SOURCE INFORMATION ->
------------------------

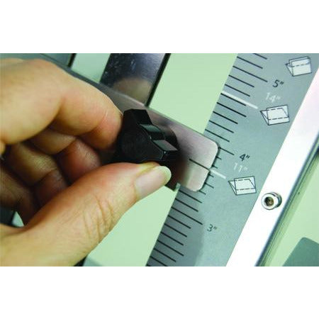 The FD 314 Office Desktop Folder provides an economical solution for low-volume folding projects. It combines a compact footprint with push-button controls, so it's simple to use, right out of the box! Fold plates are clearly marked for four common folds - letter, zig-zag, half and double parallel - and can be easily adjusted for custom folds. With a three-tire drop-in feed system, it processes 11” and 14” paper at speeds up to 7,700 sheets per hour, and offers a hopper capacity of up to 250 sheets.
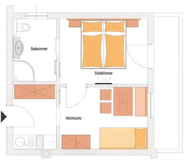 2-Raum-Appartement für 2 Pers. mit 31 m², 1 separates Schlafzimmer mit TV, 1 Wohnraum mit Couch und TV, optisch getrennte Küche,
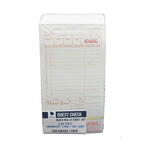- Guest Check PKG-CT-T4997-3SP 3 Part Carbonless, Perforated, Tan, 4.25" x 8.45" Qty: 250 (loose)
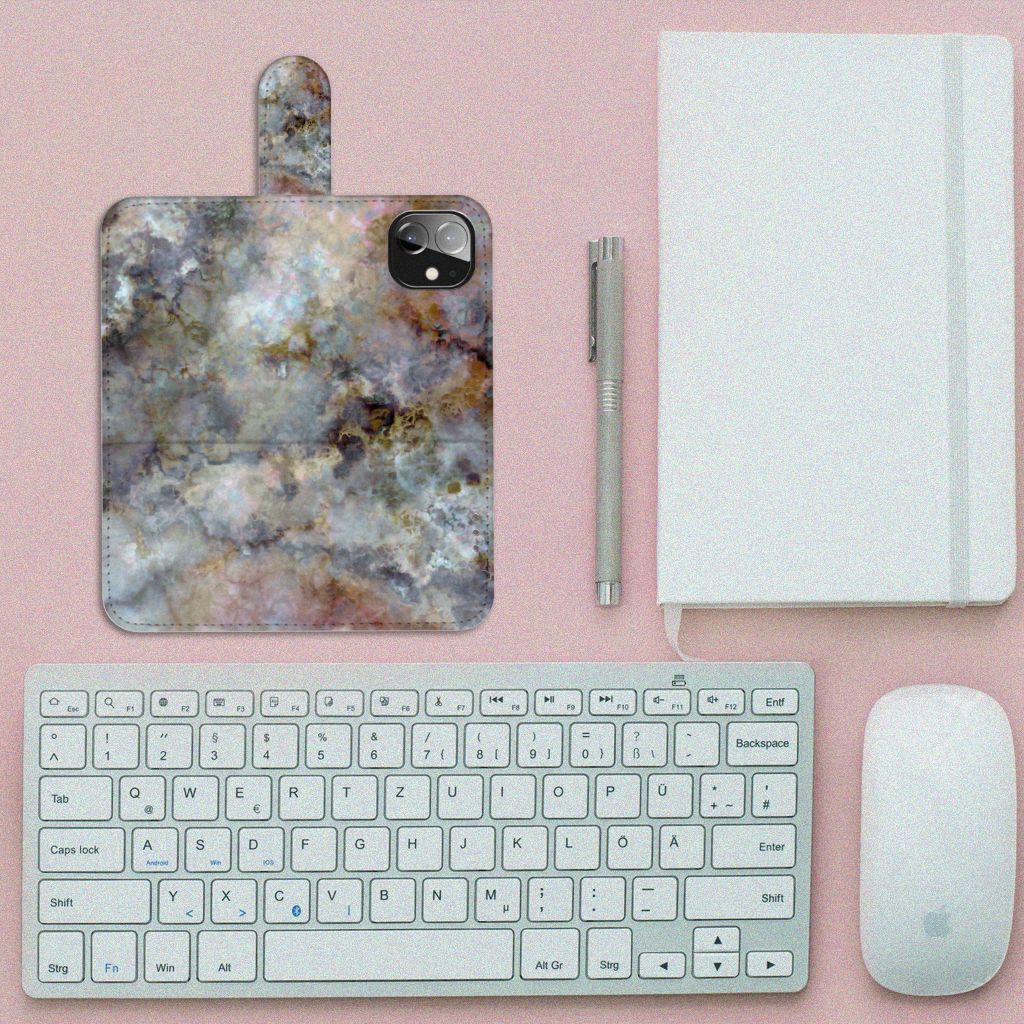 Apple iPhone 12 Mini Bookcase met ruimte voor 3 pasjes Marmer Grijs
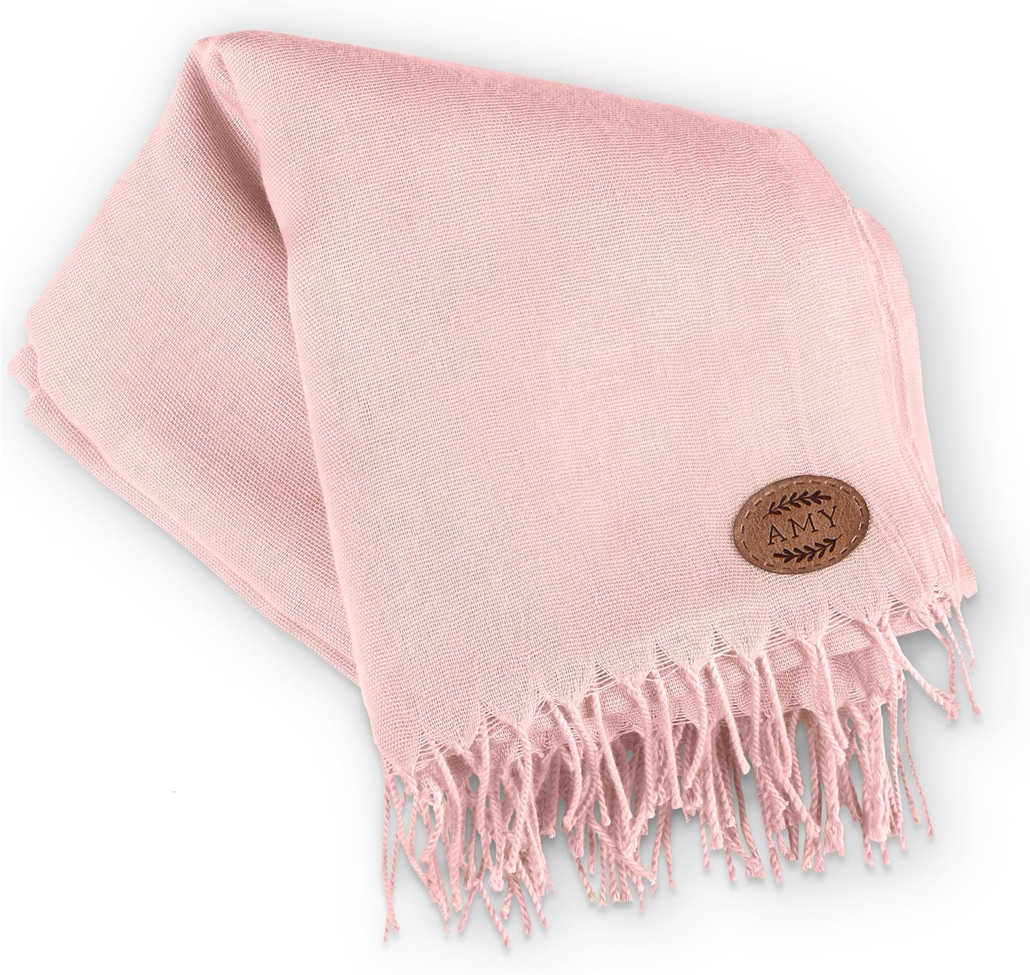 Pashmina's are the perfect wardobe staple. So versatile, as a scarf on cold days, a cover up on cool summer eveneings or even to brighten up a plain and boring top. In a choice of four pretty pastel colours these super-soft pashmina scarves are made from a silky soft, lightweight fabric that feels great against the skin. Pre-personalised with heat-pressed family names and monograms. The perfect gift idea, the pashmina scarf comes in pretty floral packaging that features sweet sentiments. Please note that the items are pre-personalised. The name or title you select is what you will receive,
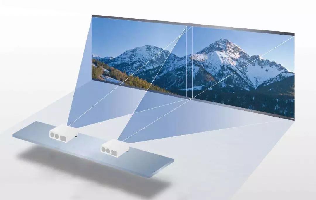 融合早已不是新技術,它的原理就是將一組投影機投射出的畫面進行邊緣重疊,并通過融合技術顯示出一個沒有縫隙更加明亮,超大,高分辨率的整幅畫面,畫面的效果就象是一臺投影機投射的畫面。
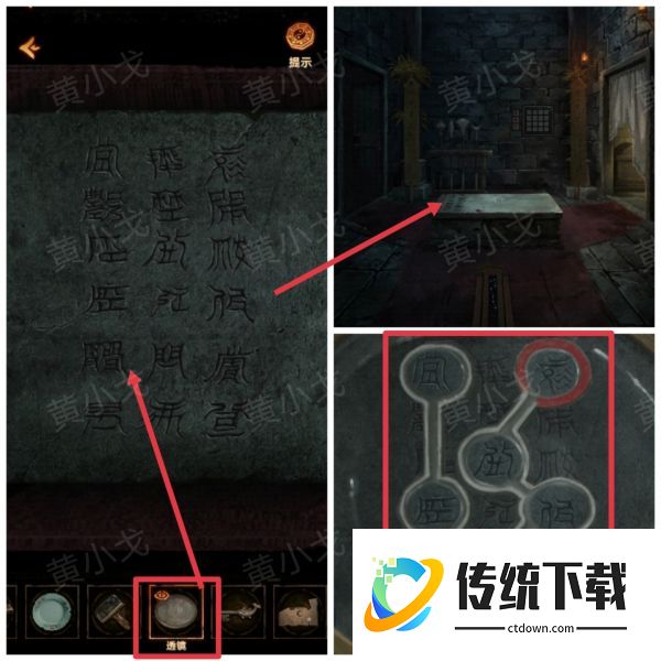 13、点击石床上的字,使用【透镜】,获得线索
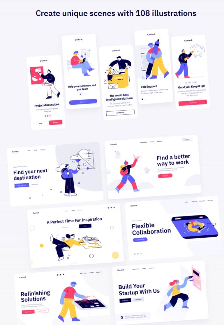 Control免费提供实心和线性风格的高质量插图。它们可自由用于商业和个人用途,但.png格式多样。免费版的图片素材为 PNG 格式图片,如果你需要其他格式的素材,可以获取他们的高级软件包,其中包含针对 Sketch、Figma 以及 AI 格式的兼容,并且附带 9 个动画。
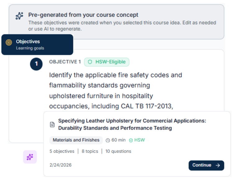 CEU Builder generates learning objectives, outlines, quizzes, and research based on your topic and source materials. You review and refine. The AI does the heavy lifting.
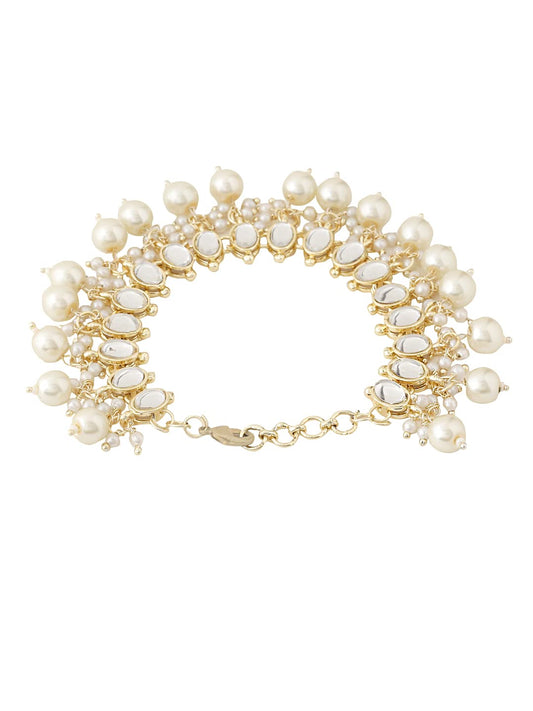 Bracelets for Women Gold Toned Kundan Studded Pearl Drop Traditional Adjustable Bracelet for Women and Girls
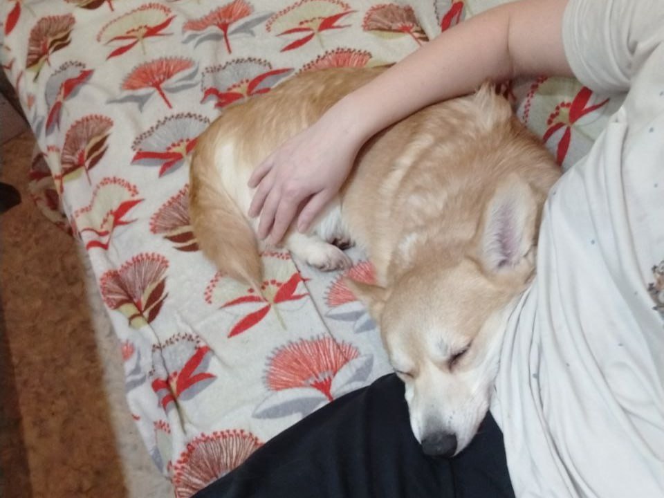 Ветеринар оценил возраст корги примерно в 4 года: собака много рожала, у нее были проблемы с задними лапами и сильно отросшие когти, которые пришлось срезать. В новом доме ее назвали Ютой, она понемногу, привыкает к псу Персивальду и кошке Асе.
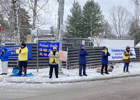 - 国际人权日 芬兰民众支持法轮功反迫害- 国际人权日前夕,芬兰法轮功学员在赫尔辛基中共大使馆门前举办了和平抗议活动,并在市中心干比广场举办烛光悼念活动。

------------------------

Lines from the one containing "Bracelets for Women" through the end of the material above must be reproduced exactly; pictures must not be.

 Bracelets for Women Gold Toned Kundan Studded Pearl Drop Traditional Adjustable Bracelet for Women and Girls
 Ветеринар оценил возраст корги примерно в 4 года: собака много рожала, у нее были проблемы с задними лапами и сильно отросшие когти, которые пришлось срезать. В новом доме ее назвали Ютой, она понемногу, привыкает к псу Персивальду и кошке Асе.
 - 国际人权日 芬兰民众支持法轮功反迫害- 国际人权日前夕,芬兰法轮功学员在赫尔辛基中共大使馆门前举办了和平抗议活动,并在市中心干比广场举办烛光悼念活动。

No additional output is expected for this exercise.